Characterization and targeting of phosphatidylinositol-3 kinase (PI3K) and mammalian target of rapamycin (mTOR) in renal cell cancer

Abstract

Background: PI3K and mTOR are key components of signal transduction pathways critical for cell survival. Numerous PI3K inhibitors have entered clinical trials, while mTOR is the target of approved drugs for metastatic renal cell carcinoma (RCC).
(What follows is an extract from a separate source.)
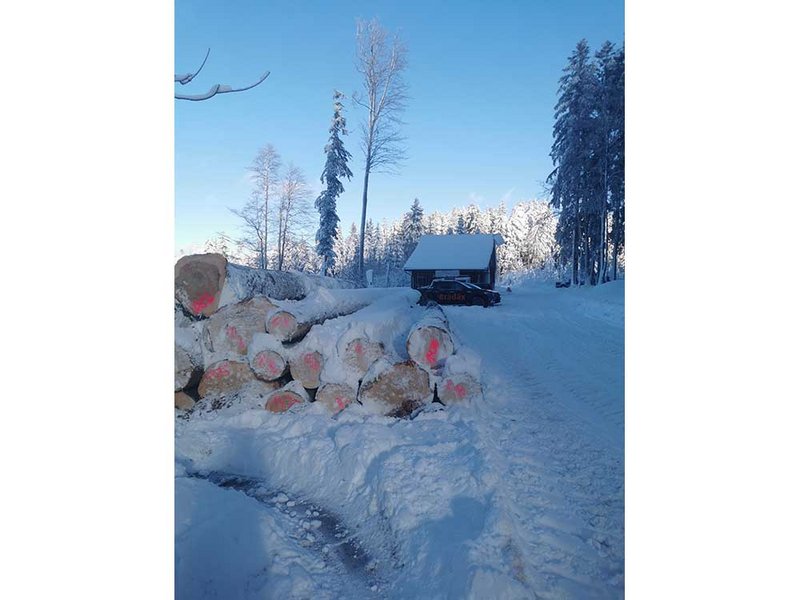 Auch das Bauprojekt in Oberterzen begann mit einem gemeinsamen Streifzug durch den Wald. «Umarmt haben wir die Bäume allerdings nicht, sondern einfach nur berührt», erklärt dazu der Bauherr. «Der Bezug zur Ausgangsmaterie war uns wichtig – genauso wichtig, wie jede Bauphase begleiten zu können.» Uns so war das Bauherrenpaar im Spätherbst/Winter 2022 selbstverständlich auch beim «Ringle» dabei, als die Bäume unten am Stamm angeritzt wurden, damit vor dem Fällen kein Saft mehr fliessen kann. Einige Wochen später sind die Bäume dann zur entsprechenden Mondphase gefällt worden.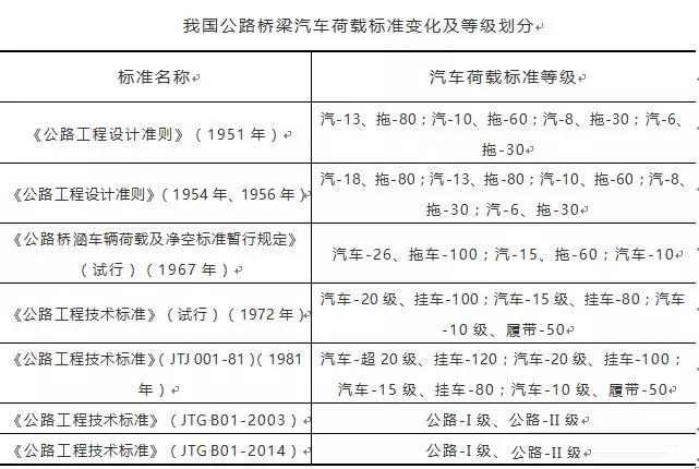 我國公路橋梁汽車荷載標準變化及等級劃分

We characterized expression of p85 and p110α PI3K subunits and mTOR in RCC specimens and assessed pharmacologic co-targeting of these molecules in vitro.
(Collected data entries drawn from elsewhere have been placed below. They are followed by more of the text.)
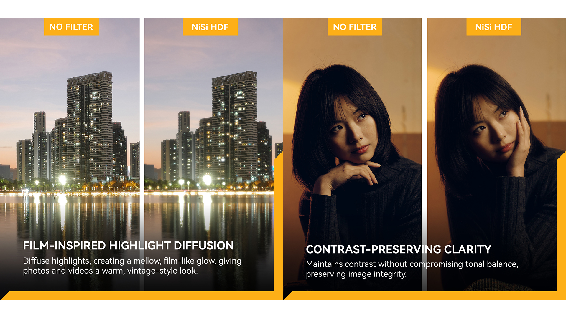 NiSi ใช้เทคโนโลยี Micro-lens ระดับเดียวกับเลนส์ภาพยนตร์ เพื่อกระจายแสงในส่วนที่สว่างที่สุดให้ดูนุ่มนวลและมีเสน่ห์ สร้างเอฟเฟกต์ความฟุ้ง (Glow) ที่ดูออร์แกนิกแบบฟิล์ม ช่วยเพิ่มอารมณ์และความลึกให้กับภาพโดยไม่ทำให้รายละเอียดส่วนเกินสว่างจนเกินไป ไม่ว่าจะถ่ายภาพบุคคลหรือภาพวิวเมืองยามค่ำคืน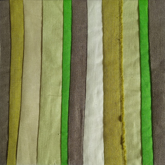 Proces powstawania lnianego płótna podzieliłam na 7 etapów. Kolejne bloki szyłam korzystając z różnych odcieni i faktur lnianych tkanin, stosując różne techniki szycia i pikowania…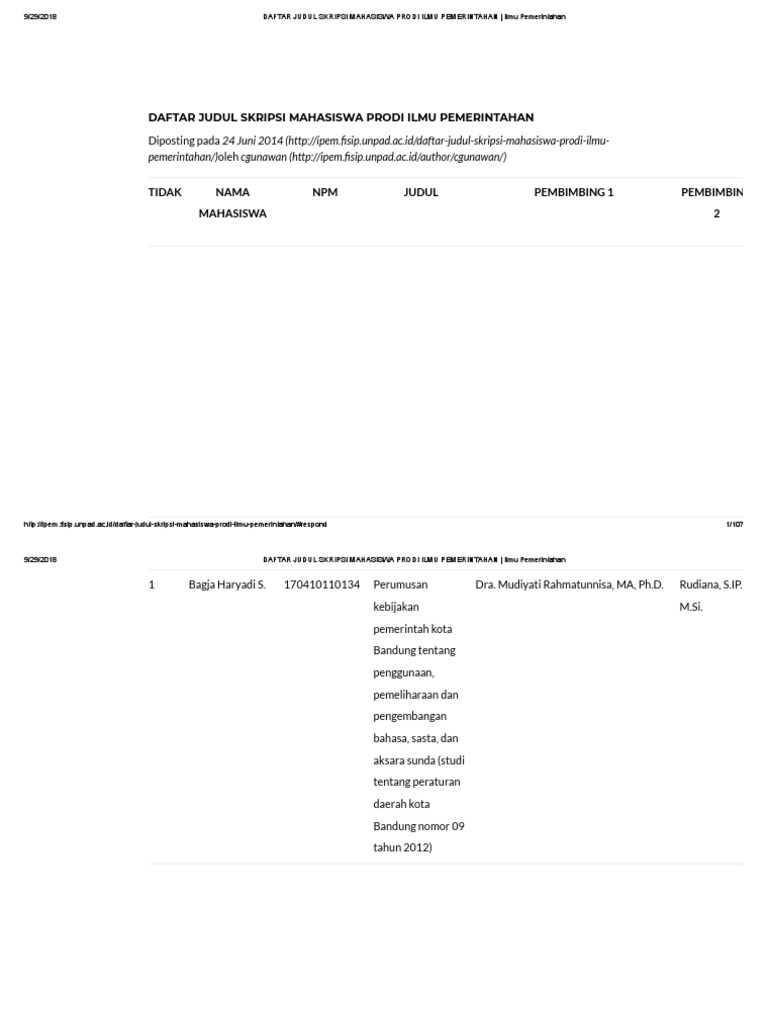 Daftar Judul Skripsi Mahasiswa Prodi Ilmu Pemerintahan Ilmu Pemerintahan

Methods: We employed tissue microarrays containing 330 nephrectomy cases using a novel immunofluorescence-based method of Automated Quantitative Analysis (AQUA) of in situ protein expression. In RCC cell lines we assessed synergism between PI3K and mTOR inhibitors and activity of NVP-BEZ235, which co-targets PI3K and mTOR.

Results: p85 expression was associated with high stage and grade (P < 0.0001 for both). High p85 and high mTOR expression were strongly associated with decreased survival, and high p85 was independently prognostic on multi-variable analysis. Strong co-expression of both PI3K subunits and mTOR was found in the human specimens. The PI3K inhibitor LY294002 and rapamycin were highly synergistic in all six RCC cell lines studied. Similar synergism was seen with all rapamycin concentrations used. NVP-BEZ235 inhibited RCC cell growth in vitro with IC(50)s in the low ηM range and resultant PARP cleavage.

Conclusions: High PI3K and mTOR expression in RCC defines populations with decreased survival, suggesting that they are good drug targets in RCC. These targets tend to be co-expressed, and co-targeting these molecules is synergistic. NVP-BEZ235 is active in RCC cells in vitro; suggesting that concurrent PI3K and mTOR targeting in RCC warrants further investigation.

Figure 1

Automated, Quantitative Analysis (AQUA) of expression of p85, p110α and mTOR in renal cell carcinoma. AQUA uses cytokeratin to create a tumor mask (two upper left quadrants at × 10). Cytokeratin staining was cytoplasmic and the mask is made by filling in holes (lower left quadrants on left). 4', 6-diamidino-2-phenylindole (DAPI) defines the nuclear compartment within the tumor mask, which is then subtracted from the tumor mask to create a cytoplasmic compartment within the tumor mask. Target expression (A - p85, B - p110α and C - mTOR) expression is measured within the cytoplasmic compartments, within the tumor mask (lower right quadrants), and each clinical case is assigned a score based on pixel intensity per unit area within the tumor mask. Squares on right show × 40 magnification. in the tissue microarray. The correlation with p110α was particularly strong.

Figure 2

Associations between marker expression and clinical/pathological variables. (A) Associations between target expression (p85, p110α and mTOR) and histologic subtype. Expression of all three targets was higher in sarcomatoid tumors. (B) Associations between target expression and tumor stage and Fuhrman grade. p85 and mTOR were associated with high grade and p85 with high stage. p110α levels were not associated with stage or grade. (C) Kaplan-Meier survival curves of quartiles of AQUA scores for the three targets. High levels of both p85 and mTOR were associated with decreased survival.

Figure 3

Synergism between PI3K and mTOR inhibition. Cell viability assays in A498 (A) and Caki-2 cells (B): Cells were treated with LY294002 alone, rapamycin alone (at three concentrations) or the combination of LY294002 and rapamycin. The combinations were highly synergistic, with similar viability seen for all three concentrations of rapamycin used. There was no significant difference between the different combination therapies (p > 0.5 for all).

Figure 4

Effects of NVP-BEZ235 on renal cell carcinoma cells in vitro. Targets of NVP-BEZ235, p-P70S6K, p-Akt and p-S6 were decreased in Caki-1, 769-P, A498 and 786-0 cells with exposure to the drug. Cells were exposed to 0.1 and 1.0 μM NVP-BEZ235, or DMSO (vehicle) for 4 and 24 hours. β-actin is shown as a loading control.